Ogcocephalus cubifrons has a flattened head, although this is higher than the rest of the triangular disk, with a pointed snout, thinner and longer in juveniles and becoming a short and upwardly directed knob in large adults. The head of adults are very large. The eyes are laterally positioned on the head. The esca, or lure, has 3 fleshy points which is retracted into the illicial cavity under the rostrum. There is a blunt, poorly developed, simple spine on the lower, posterior angle of the operculum. The gill rakers are oval shaped plates which are covered in small teeth and the gill openings are small, opening behind the upper base of the pectoral fin, this fin and the pelvic fin's are limb-like with the pectoral fins not widely attached to the body.
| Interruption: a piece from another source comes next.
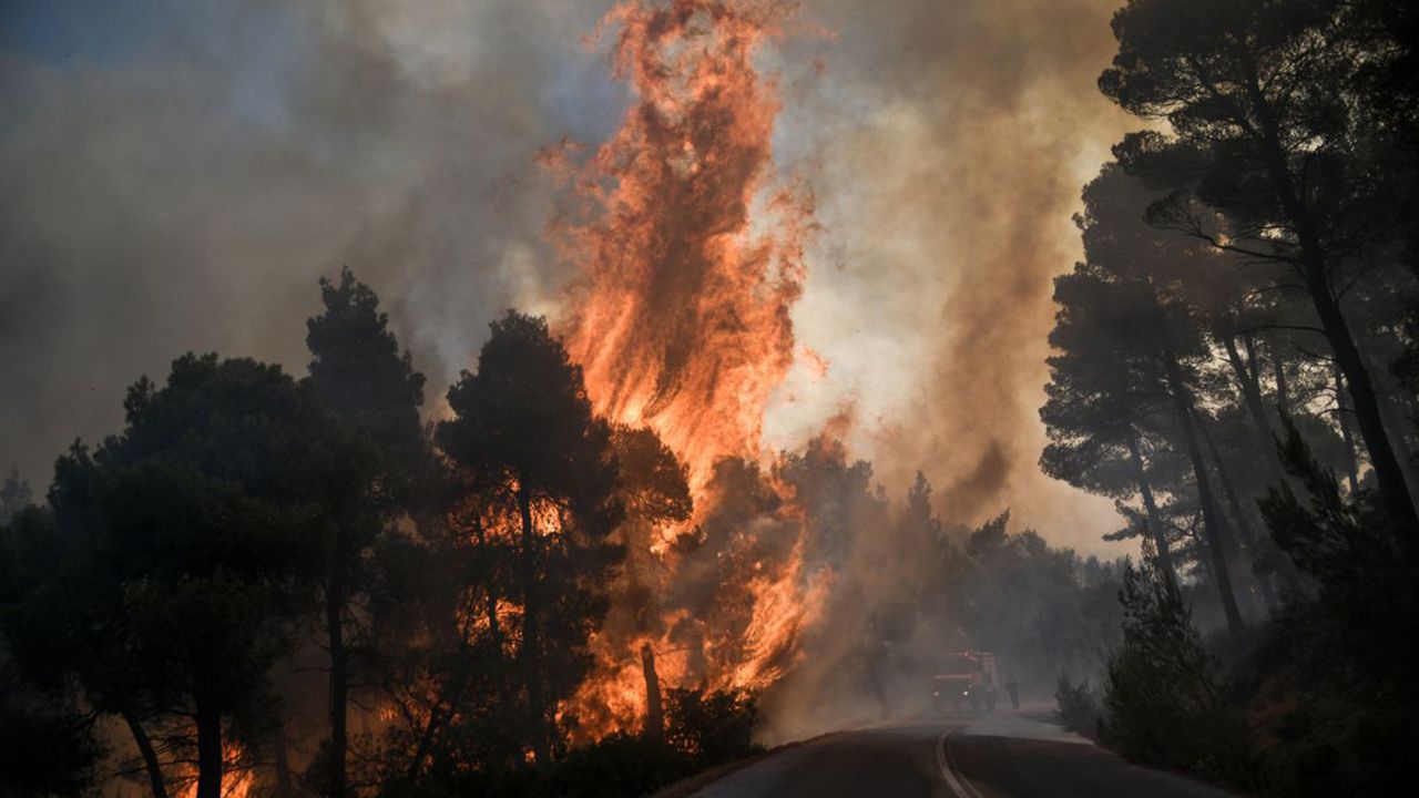 Yunanistan'ın Doğu Attika bölgesindeki Oropos'a bağlı Asprohori yerleşim biriminde dün çıkan orman yangını devam ediyor.

The skin on the underside of the fin rays thick and spongy, creating pads close to the tips of the fin rays, the fin membrane also thick and opaque. The dorsal and anal fins are small, the dorsal fin is covered in skin and is on the tail while the anal fin is fleshy and under the tail. The upper surface of the body is covered in large buckler-like scales and with conical spines, the lower surface of the body has a complete covering of pointed, bony scales and the underside of the tail has a dense covering of small spines, apart from a few conical spines on its midline. The upper surface of the body is colored pale brown to coppery red, marked with orange red and yellow-orange blotches, mostly to the rear of the eyes. There is a band of dark, pale margined spots running from the eye to the gill opening. The pectoral fins are pale, marked with a pattern of dark spots, creating a reticulated pattern on its basal two-thirds. The sides of disk are marked a lattice of pale lines on a dark background. Smaller fishes have yellow pectoral fins and a yellow caudal fin, at times with dark brown edges. The polka-dot batfish has a maximum published total length of 38 cm.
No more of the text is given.